All was well in the first half of a two-hour set as Stone, clad incongruously in full-length cotton coat as the audience sweated below her in halter tops and T-shirts, ran through her back catalogue with vigour.

But then a growing disinclination to fully engage with her material began to show itself with her show-stopper, Curtis Mayfield’s The Makings of You, which she largely left to her admittedly admirable backing singers.

Thereafter, as if she couldn’t quite be bothered to follow through with a second section to match the first, we got increasingly less of the full Stone and rather more of various diversionary tactics and distractions.
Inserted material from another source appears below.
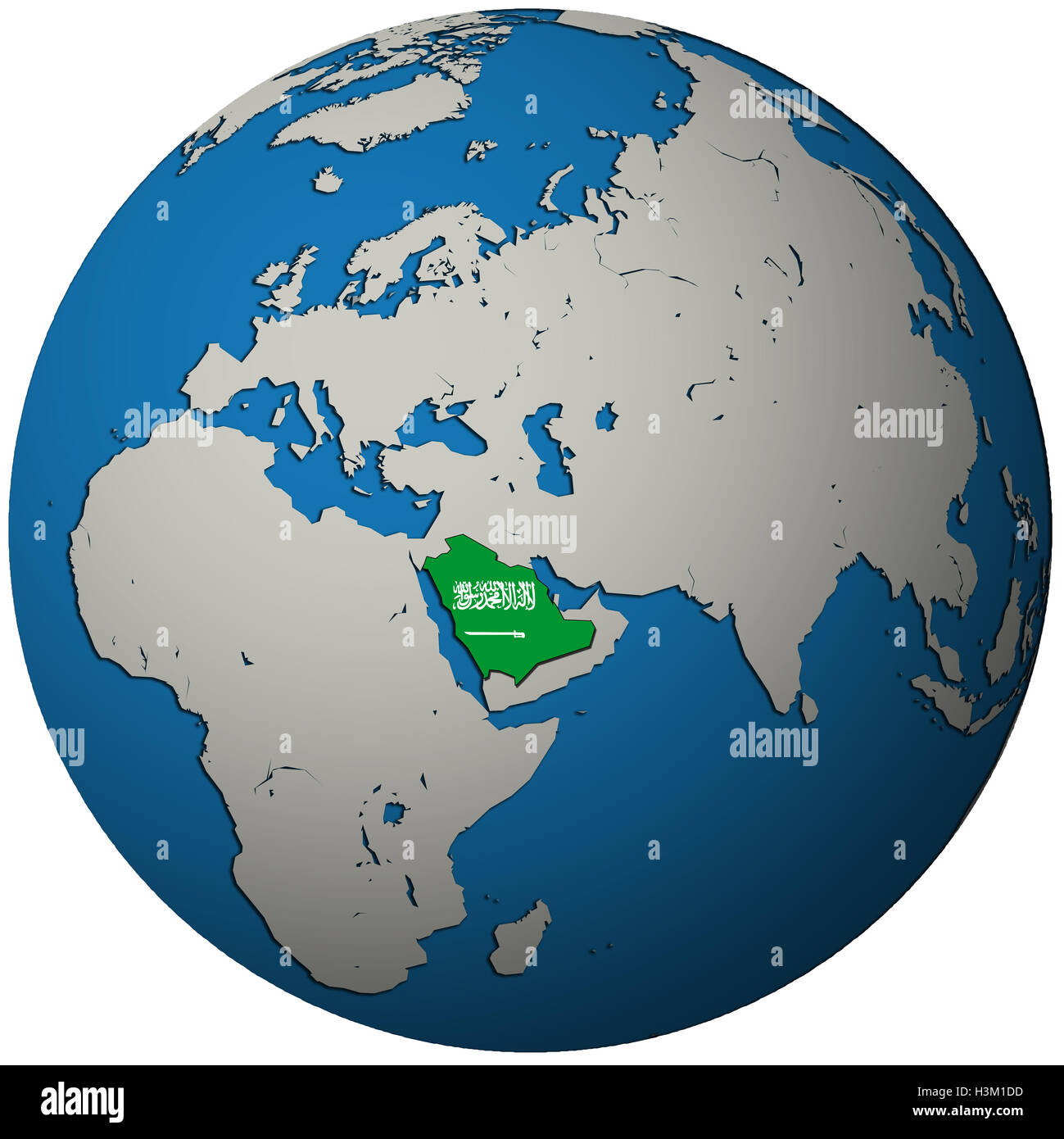 saudi arabia territory with flag on map of globe Stock Photo Alamy

The flow began to falter when she called up, then brought onto stage, an ardent male fan who had posted a message for her on Facebook earlier in the day. While the subsequent 10 minutes of schmaltzy interaction and hugging might have in some ways been heartwarming, it registered low on the entertainment scale and did nothing for the continuity of the show. It more or less ground to a halt from that point onwards.

Worse was to come several minutes later with Stone’s impromptu summoning up of various musical collaborators, including Omar and Mica Paris. They had clearly not been forewarned that they might be required to do a turn and, as shouts went round the hall to locate any or all of them, Paris did not even appear to be in the building. It was only after several minutes of music-less hiatus that Omar finally made his way on to the stage.

What followed was more general embarrassment as the various guests hung around like spare parts and were reluctantly cajoled into improvising sections of No More Rain in This Cloud, a song to which they clearly knew only a few of the words. Given that this was one of the tunes most punters would have come hoping to hear in all its glory, the whole escapade was nothing more than a rude disregard for the audience.

As the end approached, the same could also be said of the final two numbers, 2 Bad Habits and Wish I Didn’t Miss You, neither of which were treated to the kind of committed rendition that artists should devote to classics that have made them famous, however bored they might be of delivering them.

With the last strains of the night fizzling out and Stone departing down the stairs, the minority shouts for an encore were ignored and the lights went up in double-quick time, leaving the fans to stream out into the relative cool of the night — not disappointed, as such, but certainly not on any kind of high.